Why you’re dragging *without* your commute — lessons on keeping energy high while working from home
Why you’re dragging *without* your commute — lessons on keeping energy high while working from home
In the waning days of March, mere moments (though perhaps it was days, who can really say anymore) after the shelter-in-place mandate began, I was gripped with a haziness in my brain. As I worked, it felt like I had to pull thoughts out through the morning mist over a lake: I knew they were there, but I couldn’t grasp them.
Panicked, I sent out a bat-signal to my fellow designers: join me for a daily creative collisions standup before work.
As you might recall, in early spring, we were not just working from home, we were working from home during a pandemic: in other words, we were gripped with fear and uncertainty. As an antidote to that reality, I wrote, “we’ll start the day by sharing stories of inspiration, countering the great creativity dousers of fear and anxiety.”
The standup worked, providing me with a burst of energy. Until it didn’t. By lunchtime, I was zapped again.

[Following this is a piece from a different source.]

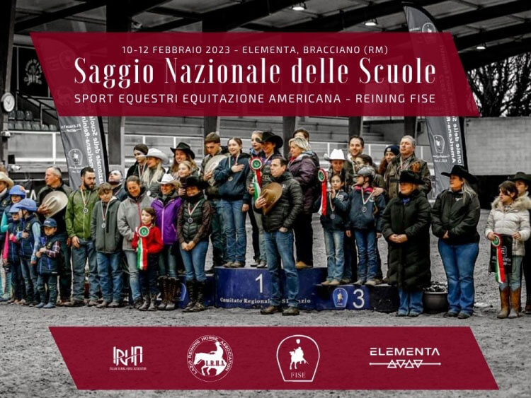 Coordinato ancora una volta dal prodigo team della LRHA Lazio Reining, la seconda edizione del SAGGIO NAZIONALE DELLE SCUOLE SPORT EQUESTRI EQUITAZIONE AMERICANA – REINING FISE, tenutosi dal 10 al 12 febbraio scorsi presso gli impianti ELEMENTA di Bracciano a Roma, ha visto ancora una volta il trionfo della Scuderia FISCI TEAM del Piemonte.

Because, while fear and anxiety were a problem, they weren’t the problem. Rather, it was that the pieces of my day that used to power me — and drive my creativity — had disappeared, and I didn’t clock how much I gained from them, or far worse, that they were even gone.
If you, too, went from spending days amongst other people to sitting in your favorite athleisure, glued to one seat, you have also lost these things. And this loss doesn’t just make you tired, it makes you less happy and less likely to reach your productivity goals at work.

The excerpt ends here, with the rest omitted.